DATA EXCERPTS START

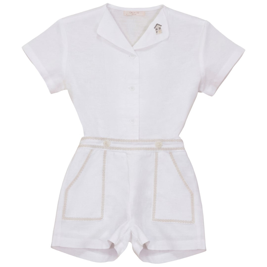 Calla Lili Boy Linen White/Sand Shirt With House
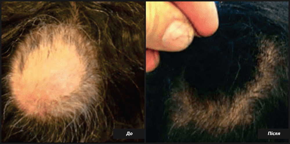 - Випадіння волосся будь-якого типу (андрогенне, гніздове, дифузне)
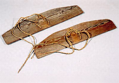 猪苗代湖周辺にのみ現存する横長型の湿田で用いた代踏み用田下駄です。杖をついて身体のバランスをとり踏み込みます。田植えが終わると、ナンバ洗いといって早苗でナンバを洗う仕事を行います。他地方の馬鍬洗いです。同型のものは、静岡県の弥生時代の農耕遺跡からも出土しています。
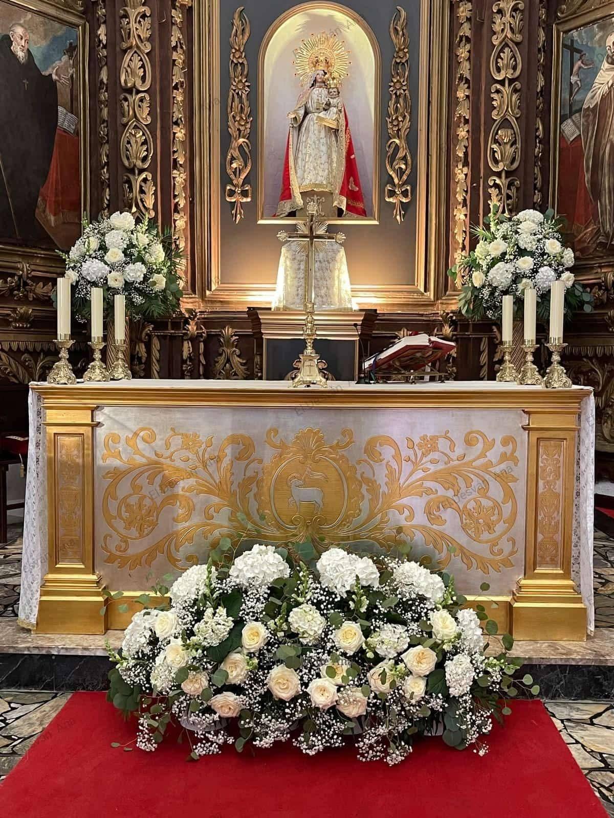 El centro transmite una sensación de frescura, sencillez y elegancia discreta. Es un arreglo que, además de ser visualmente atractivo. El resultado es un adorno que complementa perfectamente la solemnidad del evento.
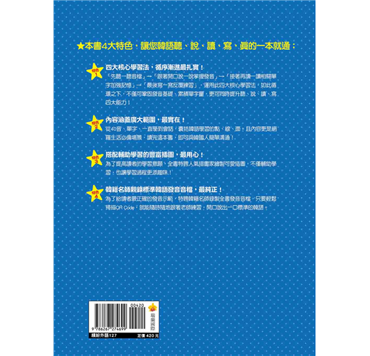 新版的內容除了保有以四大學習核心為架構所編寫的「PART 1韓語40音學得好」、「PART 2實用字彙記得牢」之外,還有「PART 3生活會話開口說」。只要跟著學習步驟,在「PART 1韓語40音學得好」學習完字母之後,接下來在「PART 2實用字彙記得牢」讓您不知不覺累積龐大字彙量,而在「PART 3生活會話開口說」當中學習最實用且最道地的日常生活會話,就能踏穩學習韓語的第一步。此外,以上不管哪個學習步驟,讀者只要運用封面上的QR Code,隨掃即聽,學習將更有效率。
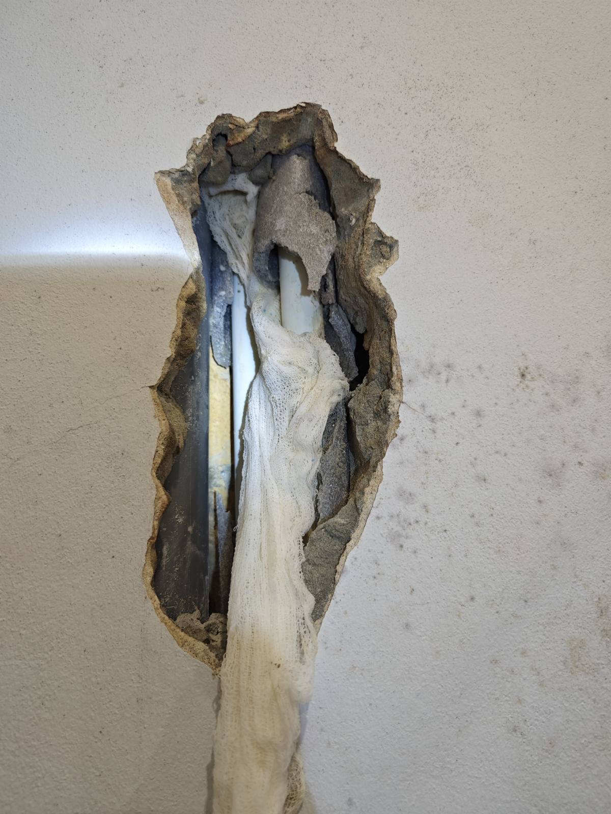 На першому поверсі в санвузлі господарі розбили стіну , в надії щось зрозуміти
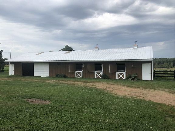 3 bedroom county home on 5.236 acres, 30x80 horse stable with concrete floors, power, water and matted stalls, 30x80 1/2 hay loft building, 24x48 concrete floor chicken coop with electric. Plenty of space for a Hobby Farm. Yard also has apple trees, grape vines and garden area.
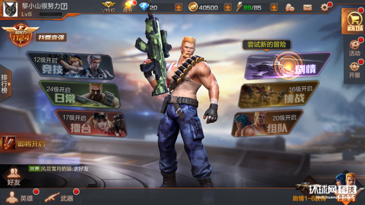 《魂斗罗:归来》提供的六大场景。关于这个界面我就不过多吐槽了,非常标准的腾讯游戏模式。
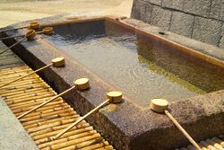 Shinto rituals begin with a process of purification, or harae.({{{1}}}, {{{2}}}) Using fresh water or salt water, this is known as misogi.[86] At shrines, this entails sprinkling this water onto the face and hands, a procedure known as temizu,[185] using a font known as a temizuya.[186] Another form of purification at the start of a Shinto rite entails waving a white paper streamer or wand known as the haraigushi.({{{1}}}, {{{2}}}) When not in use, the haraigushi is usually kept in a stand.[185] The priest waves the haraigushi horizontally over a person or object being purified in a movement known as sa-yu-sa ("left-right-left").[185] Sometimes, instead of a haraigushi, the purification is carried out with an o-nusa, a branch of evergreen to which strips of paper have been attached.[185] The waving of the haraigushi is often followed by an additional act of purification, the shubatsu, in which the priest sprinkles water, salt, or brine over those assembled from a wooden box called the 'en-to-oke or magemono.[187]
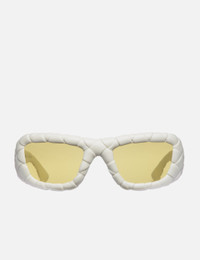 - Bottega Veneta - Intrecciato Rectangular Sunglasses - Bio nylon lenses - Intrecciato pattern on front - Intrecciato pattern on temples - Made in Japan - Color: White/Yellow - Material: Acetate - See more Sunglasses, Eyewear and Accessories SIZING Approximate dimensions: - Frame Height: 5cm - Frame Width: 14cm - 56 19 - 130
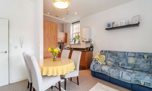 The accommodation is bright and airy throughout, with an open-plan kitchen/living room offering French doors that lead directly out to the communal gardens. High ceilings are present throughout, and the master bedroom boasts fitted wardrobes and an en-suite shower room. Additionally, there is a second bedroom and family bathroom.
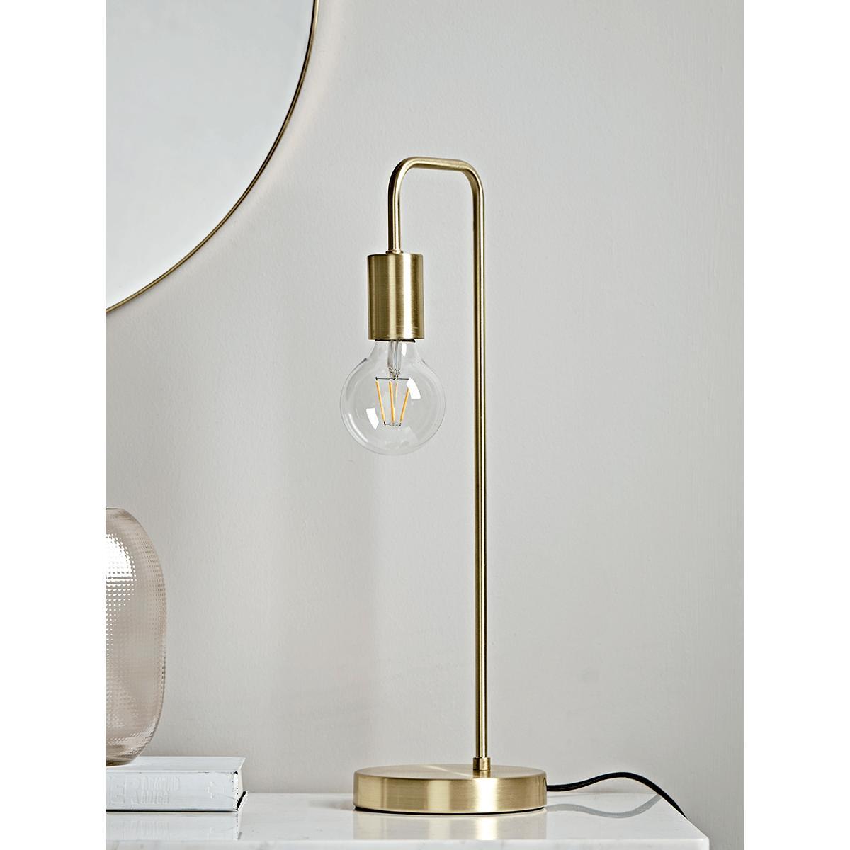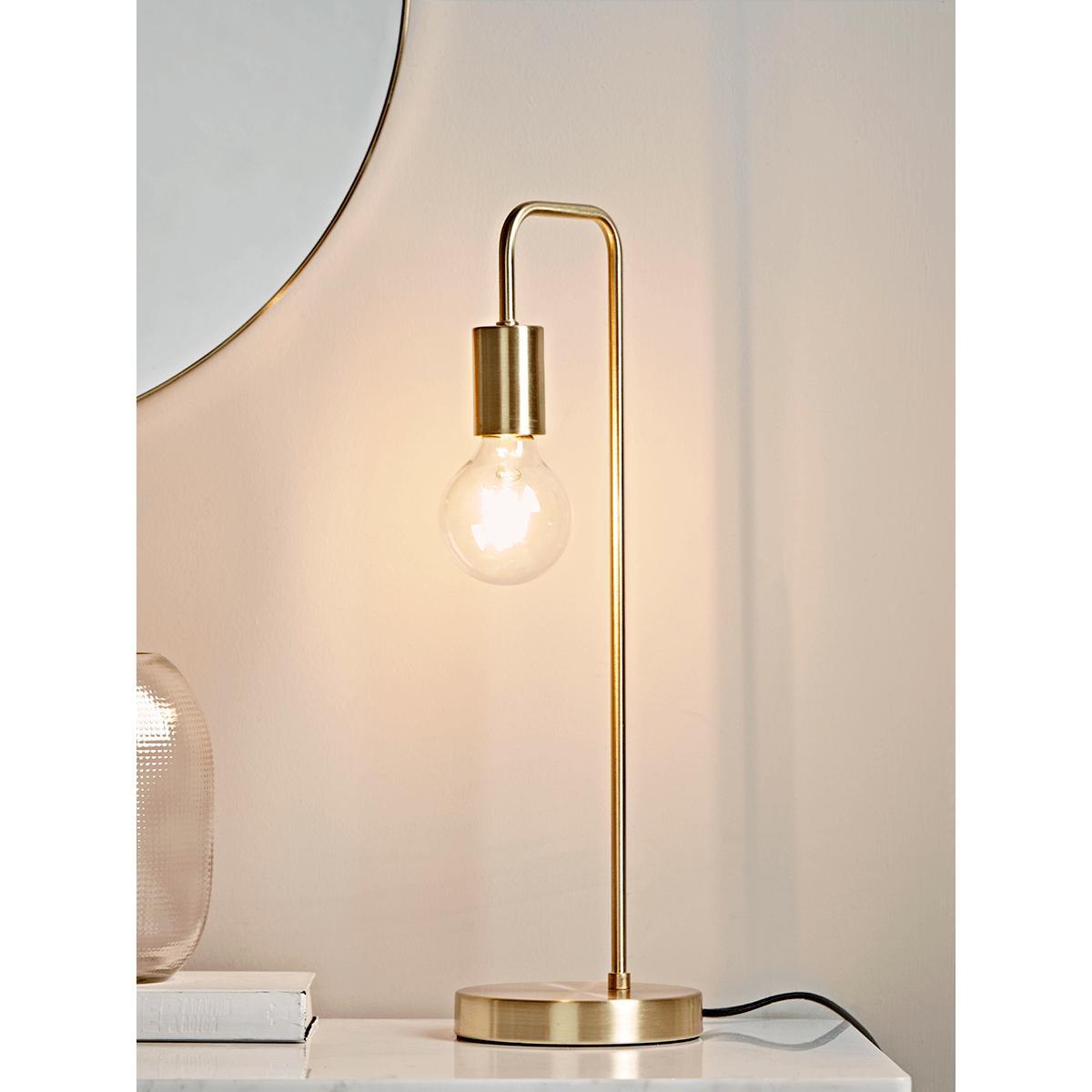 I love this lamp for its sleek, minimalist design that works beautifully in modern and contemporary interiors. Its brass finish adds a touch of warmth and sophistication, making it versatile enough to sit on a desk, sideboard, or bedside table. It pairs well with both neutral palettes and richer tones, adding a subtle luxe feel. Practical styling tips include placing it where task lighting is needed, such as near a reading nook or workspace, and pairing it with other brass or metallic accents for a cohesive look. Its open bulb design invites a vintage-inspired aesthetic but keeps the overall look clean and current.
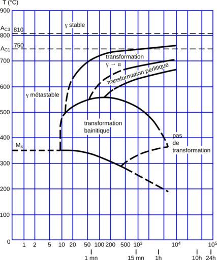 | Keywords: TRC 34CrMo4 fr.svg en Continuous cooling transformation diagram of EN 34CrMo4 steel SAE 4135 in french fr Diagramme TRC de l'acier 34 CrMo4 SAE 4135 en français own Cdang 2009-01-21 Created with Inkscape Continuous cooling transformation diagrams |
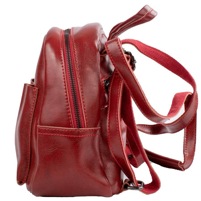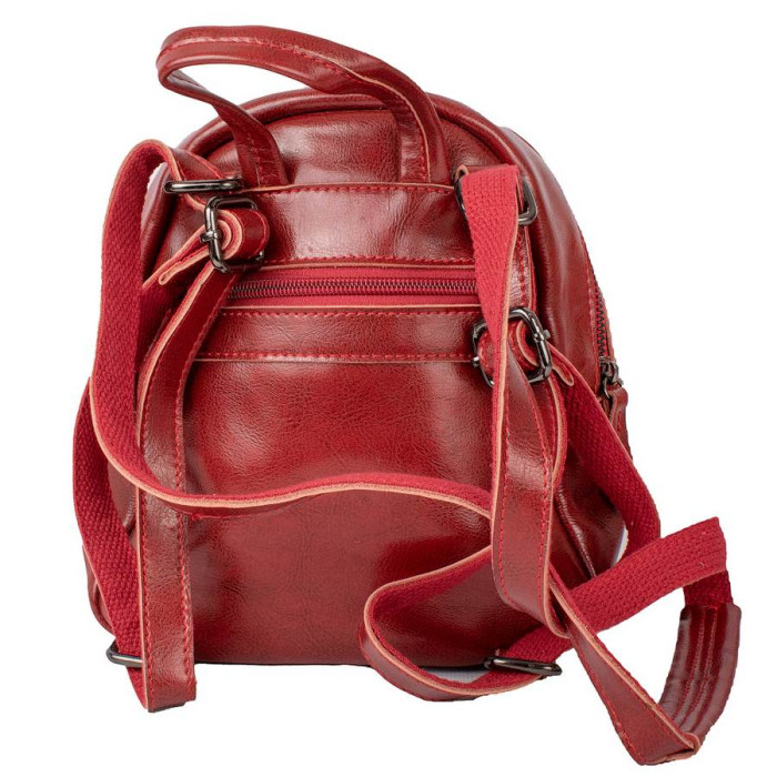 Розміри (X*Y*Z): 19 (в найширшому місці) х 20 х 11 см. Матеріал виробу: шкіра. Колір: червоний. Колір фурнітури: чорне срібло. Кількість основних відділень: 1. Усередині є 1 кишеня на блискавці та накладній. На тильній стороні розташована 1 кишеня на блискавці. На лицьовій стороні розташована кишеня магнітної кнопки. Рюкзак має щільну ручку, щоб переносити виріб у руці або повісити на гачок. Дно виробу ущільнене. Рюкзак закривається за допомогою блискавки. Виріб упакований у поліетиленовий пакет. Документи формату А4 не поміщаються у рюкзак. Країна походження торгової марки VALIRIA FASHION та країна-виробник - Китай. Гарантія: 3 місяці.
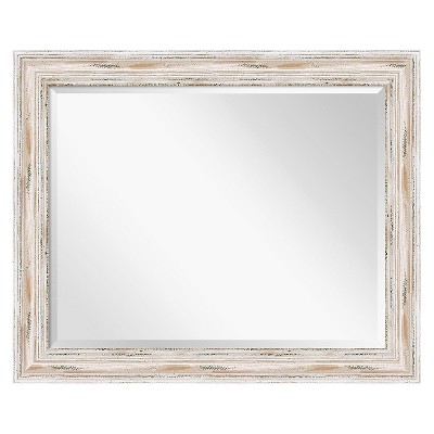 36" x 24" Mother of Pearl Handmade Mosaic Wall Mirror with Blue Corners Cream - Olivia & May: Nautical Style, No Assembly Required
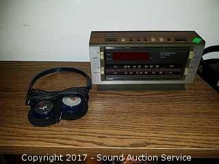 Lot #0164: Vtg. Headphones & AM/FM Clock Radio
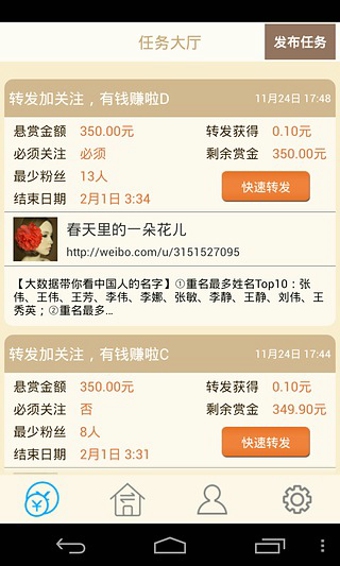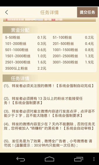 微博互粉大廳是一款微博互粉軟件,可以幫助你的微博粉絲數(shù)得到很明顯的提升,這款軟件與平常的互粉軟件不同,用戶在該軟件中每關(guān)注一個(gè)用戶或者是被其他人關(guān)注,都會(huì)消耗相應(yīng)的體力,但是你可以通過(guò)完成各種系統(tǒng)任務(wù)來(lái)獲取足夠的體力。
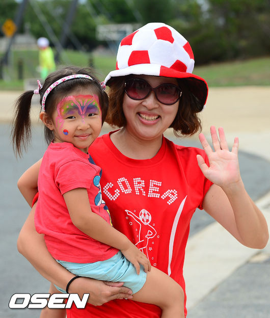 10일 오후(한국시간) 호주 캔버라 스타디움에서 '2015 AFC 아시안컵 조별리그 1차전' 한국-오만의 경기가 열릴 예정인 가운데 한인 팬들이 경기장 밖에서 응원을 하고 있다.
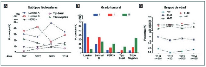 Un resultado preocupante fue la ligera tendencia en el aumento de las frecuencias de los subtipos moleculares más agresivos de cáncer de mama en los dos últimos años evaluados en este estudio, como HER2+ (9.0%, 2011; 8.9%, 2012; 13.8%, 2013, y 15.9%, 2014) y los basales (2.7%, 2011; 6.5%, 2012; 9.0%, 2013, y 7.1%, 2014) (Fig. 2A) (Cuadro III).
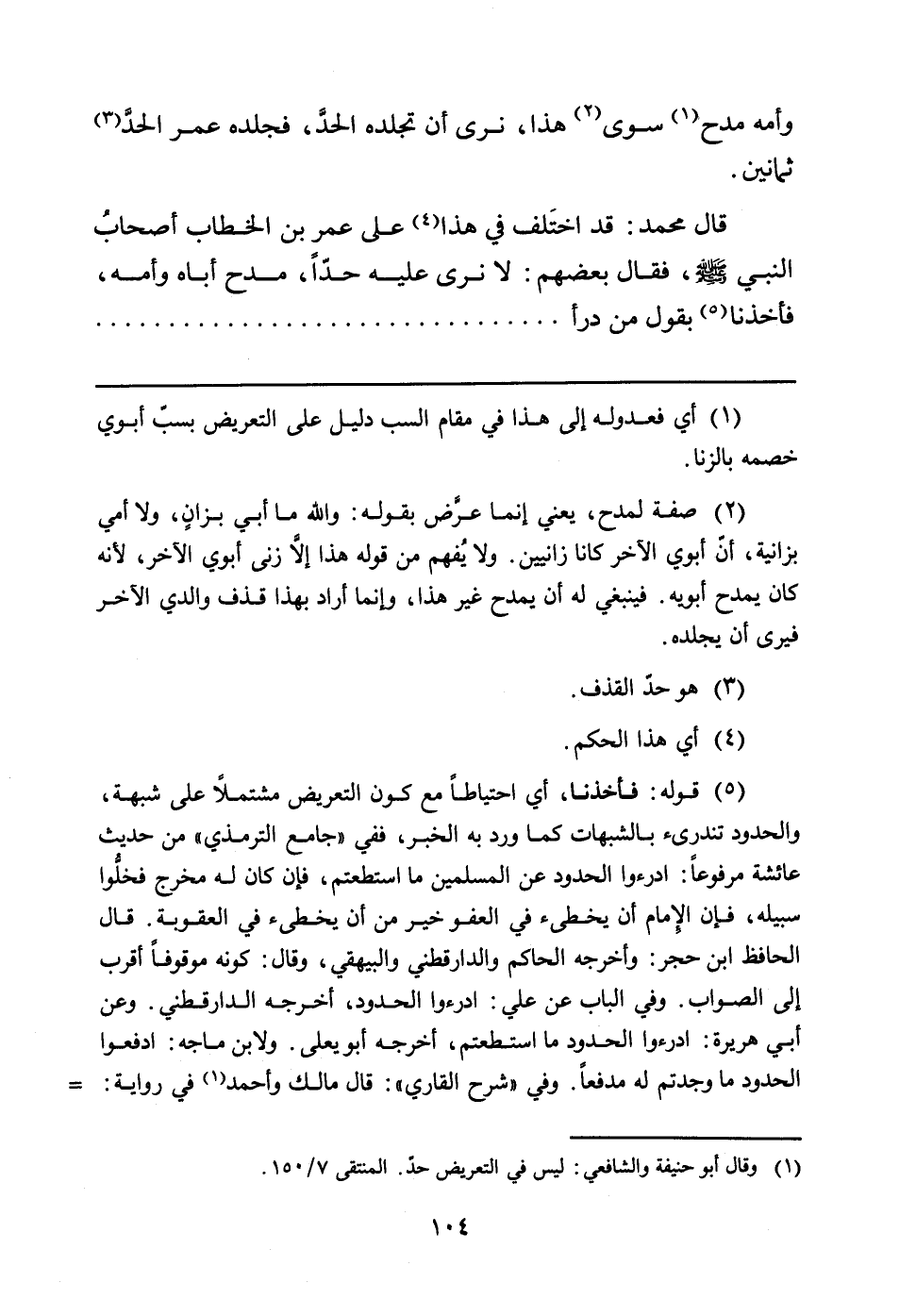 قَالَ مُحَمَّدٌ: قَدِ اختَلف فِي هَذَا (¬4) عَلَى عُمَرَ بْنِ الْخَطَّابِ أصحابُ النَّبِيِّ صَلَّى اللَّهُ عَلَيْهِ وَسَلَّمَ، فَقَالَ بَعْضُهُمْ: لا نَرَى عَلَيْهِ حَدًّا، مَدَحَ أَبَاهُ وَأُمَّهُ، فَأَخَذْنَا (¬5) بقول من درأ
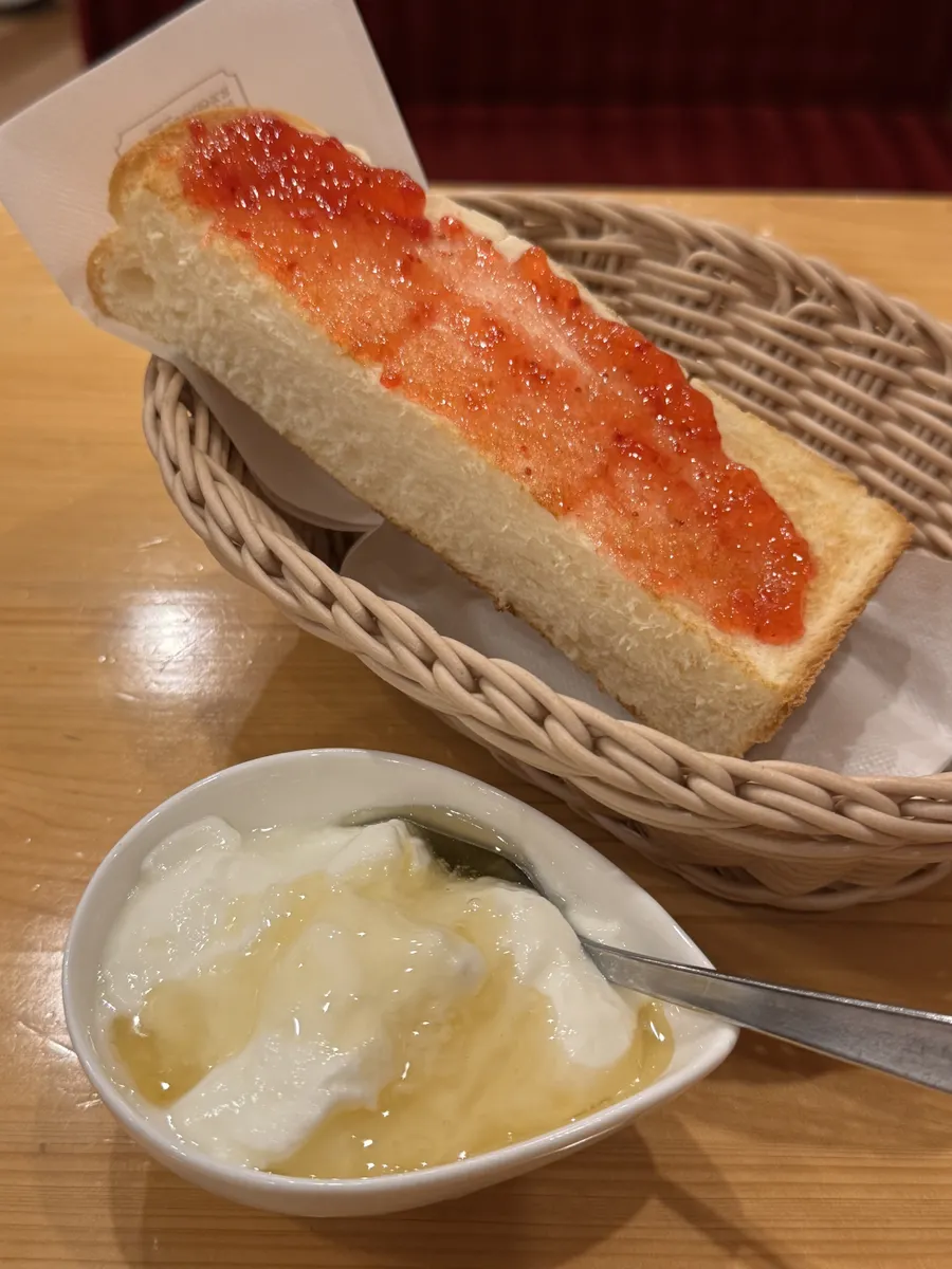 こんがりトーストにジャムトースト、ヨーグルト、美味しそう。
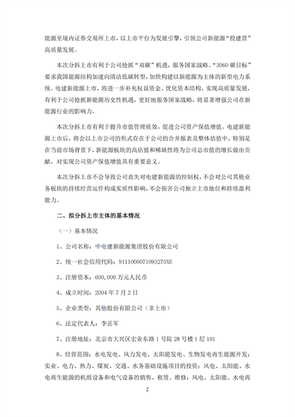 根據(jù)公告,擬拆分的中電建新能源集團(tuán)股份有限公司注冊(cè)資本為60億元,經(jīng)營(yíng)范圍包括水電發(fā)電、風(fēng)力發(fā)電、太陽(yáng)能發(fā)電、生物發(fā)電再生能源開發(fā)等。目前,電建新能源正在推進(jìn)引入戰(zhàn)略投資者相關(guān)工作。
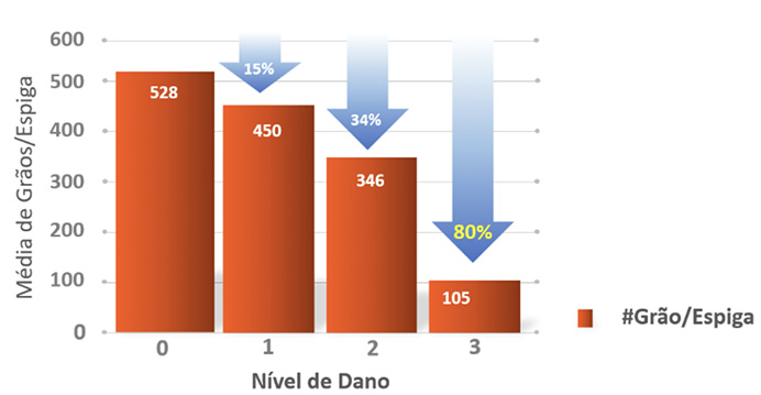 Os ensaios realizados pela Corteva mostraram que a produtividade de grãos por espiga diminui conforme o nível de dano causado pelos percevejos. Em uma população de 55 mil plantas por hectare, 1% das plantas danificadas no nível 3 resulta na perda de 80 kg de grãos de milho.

DATA EXCERPTS END

**WHAT TO PRODUCE**:
Please return the data above exactly as it stands from the line with "3 bedroom county" to the line with "Shinto rituals begin", keeping both of those lines but none of the pictures.

**OUTPUT FOR THIS TASK**:
 3 bedroom county home on 5.236 acres, 30x80 horse stable with concrete floors, power, water and matted stalls, 30x80 1/2 hay loft building, 24x48 concrete floor chicken coop with electric. Plenty of space for a Hobby Farm. Yard also has apple trees, grape vines and garden area.
 《魂斗罗:归来》提供的六大场景。关于这个界面我就不过多吐槽了,非常标准的腾讯游戏模式。
 Shinto rituals begin with a process of purification, or harae.({{{1}}}, {{{2}}}) Using fresh water or salt water, this is known as misogi.[86] At shrines, this entails sprinkling this water onto the face and hands, a procedure known as temizu,[185] using a font known as a temizuya.[186] Another form of purification at the start of a Shinto rite entails waving a white paper streamer or wand known as the haraigushi.({{{1}}}, {{{2}}}) When not in use, the haraigushi is usually kept in a stand.[185] The priest waves the haraigushi horizontally over a person or object being purified in a movement known as sa-yu-sa ("left-right-left").[185] Sometimes, instead of a haraigushi, the purification is carried out with an o-nusa, a branch of evergreen to which strips of paper have been attached.[185] The waving of the haraigushi is often followed by an additional act of purification, the shubatsu, in which the priest sprinkles water, salt, or brine over those assembled from a wooden box called the 'en-to-oke or magemono.[187]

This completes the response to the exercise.